Saved entries
= Beginning of Section =
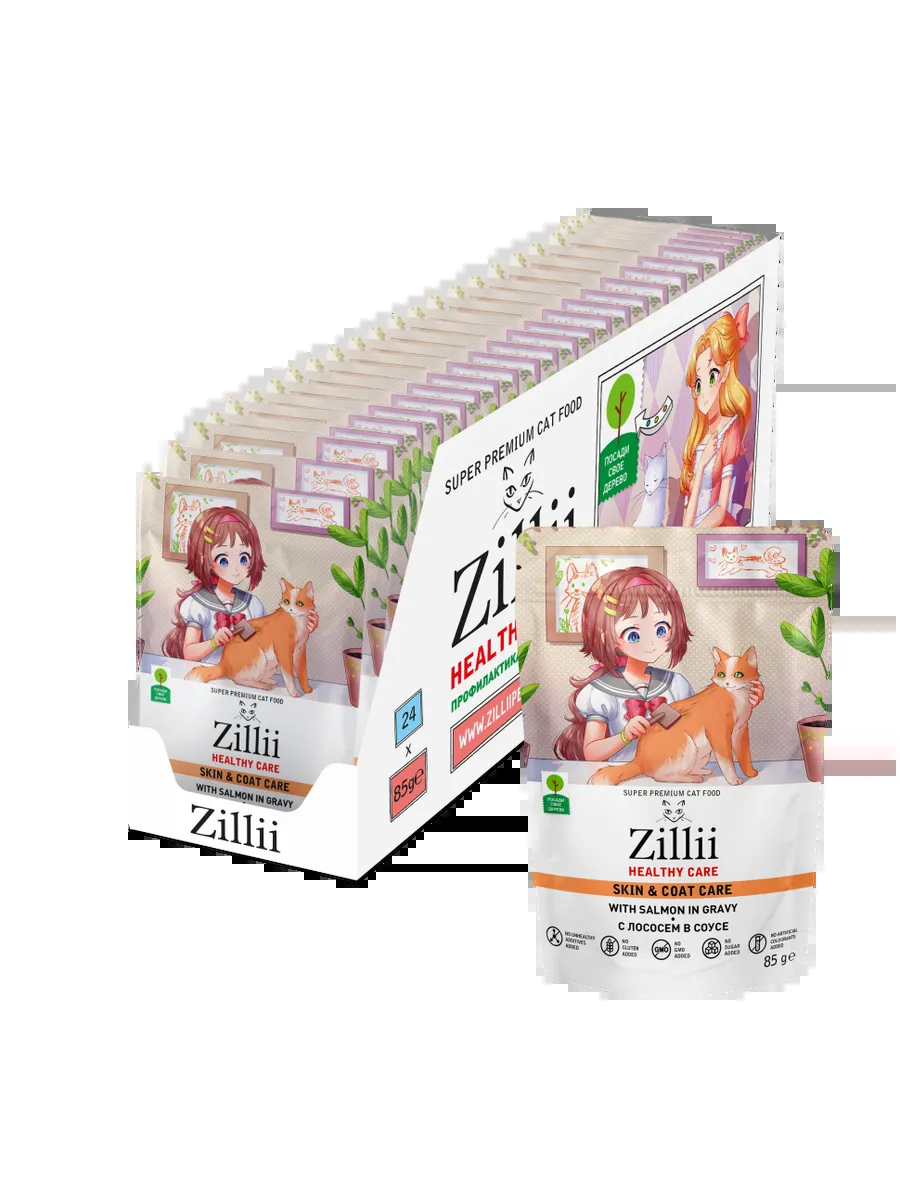 Zillii Влажный корм для кошек,для кожи и шерсти,лосось 85г
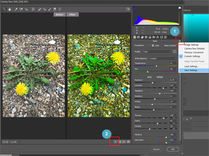 포토샵에서 카메라 로우 파일을 이용한 보정과 XMP 파일의 저장
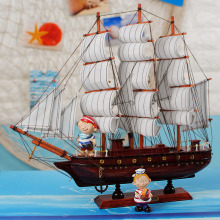 地中海风格木质帆船模型礼品 欧式木船装饰品餐厅店铺摆件摆设
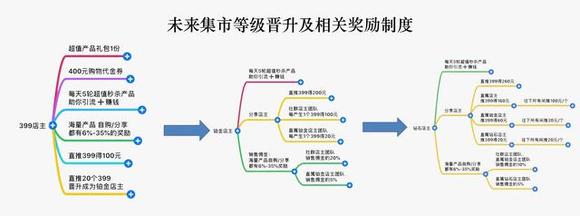 笔者通过跟未来集市店主的沟通了解到,未来集市的“等级制度”清晰明了。分为店主、铂金店主和钻石店主即战略合伙人三个等级。用户缴纳399元购买商品即可成为店主,自此迈入整个的社群体系之中。下图详细介绍了每个等级的晋升条件及活动的奖励。
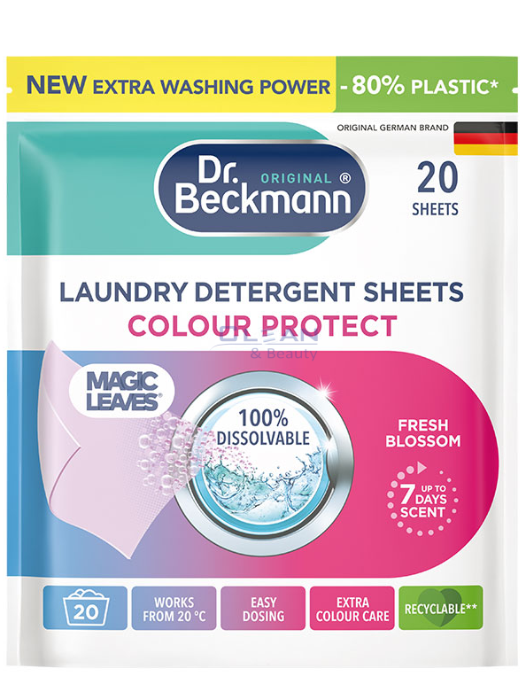 Dr. Beckmann Magic Leaves Fresh Blossom 20 бр. са създадени специално за грижа за цветните тъкани. Те осигуряват ефективно изпиране, като се разтварят напълно по време на прането и действат директно върху замърсяванията. Благодарение на формулата си, предпазват цветовете от избледняване и придават приятен свеж флорален аромат. Листчетата са лесни за дозиране, спестяват място и са подходящи за пране при ниски температури, което щади тъканите и пести енергия.
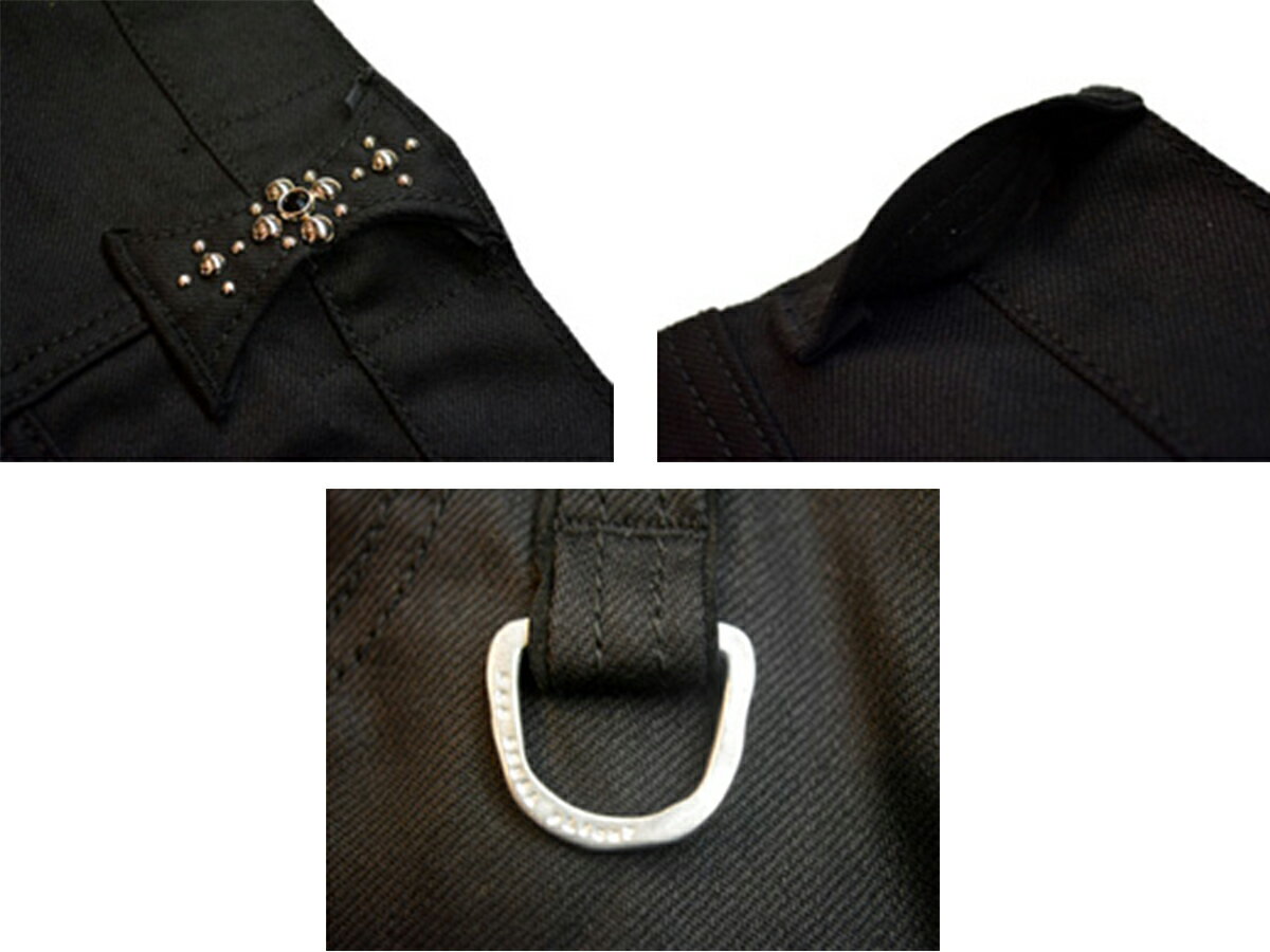 右前のベルトループにシルバー製Dカン、センターループには手打ちのスタッズをあしらい、全てのベルトループ裏に革を敷き強度を高めているという拘り。
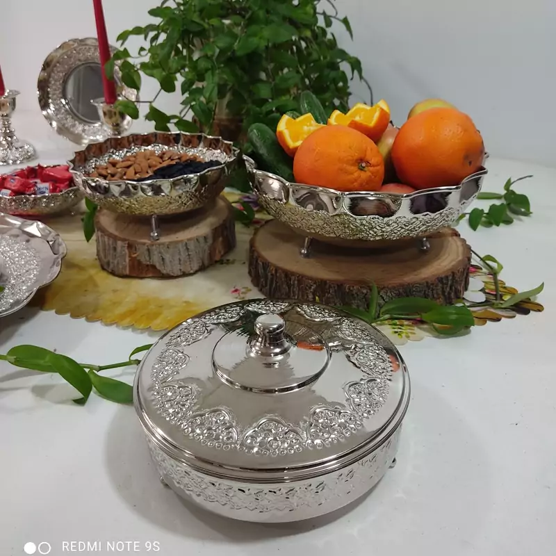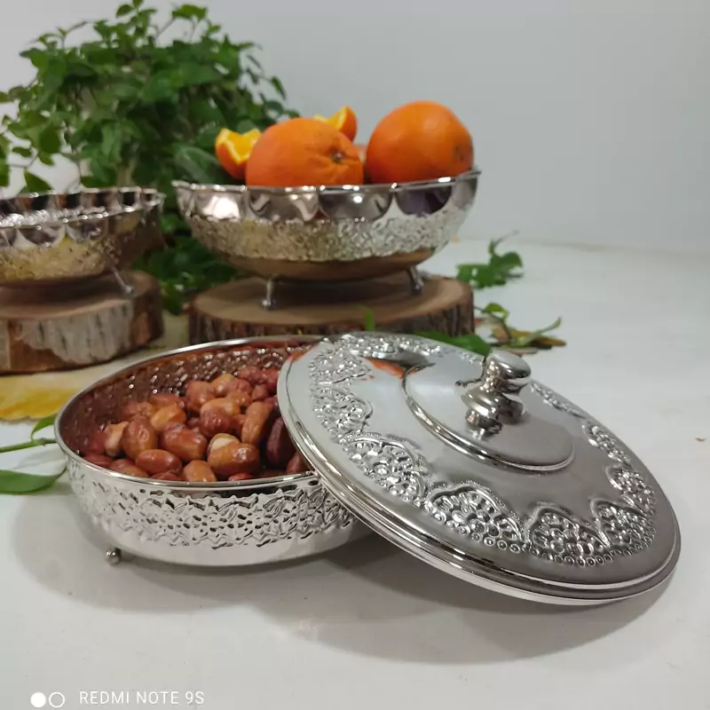 گز خوری مسی سه پایه در دار کروم شده رز مس کار شیک و براق میتونید برای شکلات و شیرینی و تنقلاتم استفاده کنید بسیار کاربردی
= End of Section =
- _Problem_:
Give back every entry in full, exactly as written, with no picture included.

- _Problem solution_:
 Zillii Влажный корм для кошек,для кожи и шерсти,лосось 85г
 포토샵에서 카메라 로우 파일을 이용한 보정과 XMP 파일의 저장
 地中海风格木质帆船模型礼品 欧式木船装饰品餐厅店铺摆件摆设
 笔者通过跟未来集市店主的沟通了解到,未来集市的“等级制度”清晰明了。分为店主、铂金店主和钻石店主即战略合伙人三个等级。用户缴纳399元购买商品即可成为店主,自此迈入整个的社群体系之中。下图详细介绍了每个等级的晋升条件及活动的奖励。
 Dr. Beckmann Magic Leaves Fresh Blossom 20 бр. са създадени специално за грижа за цветните тъкани. Те осигуряват ефективно изпиране, като се разтварят напълно по време на прането и действат директно върху замърсяванията. Благодарение на формулата си, предпазват цветовете от избледняване и придават приятен свеж флорален аромат. Листчетата са лесни за дозиране, спестяват място и са подходящи за пране при ниски температури, което щади тъканите и пести енергия.
 右前のベルトループにシルバー製Dカン、センターループには手打ちのスタッズをあしらい、全てのベルトループ裏に革を敷き強度を高めているという拘り。
 گز خوری مسی سه پایه در دار کروم شده رز مس کار شیک و براق میتونید برای شکلات و شیرینی و تنقلاتم استفاده کنید بسیار کاربردی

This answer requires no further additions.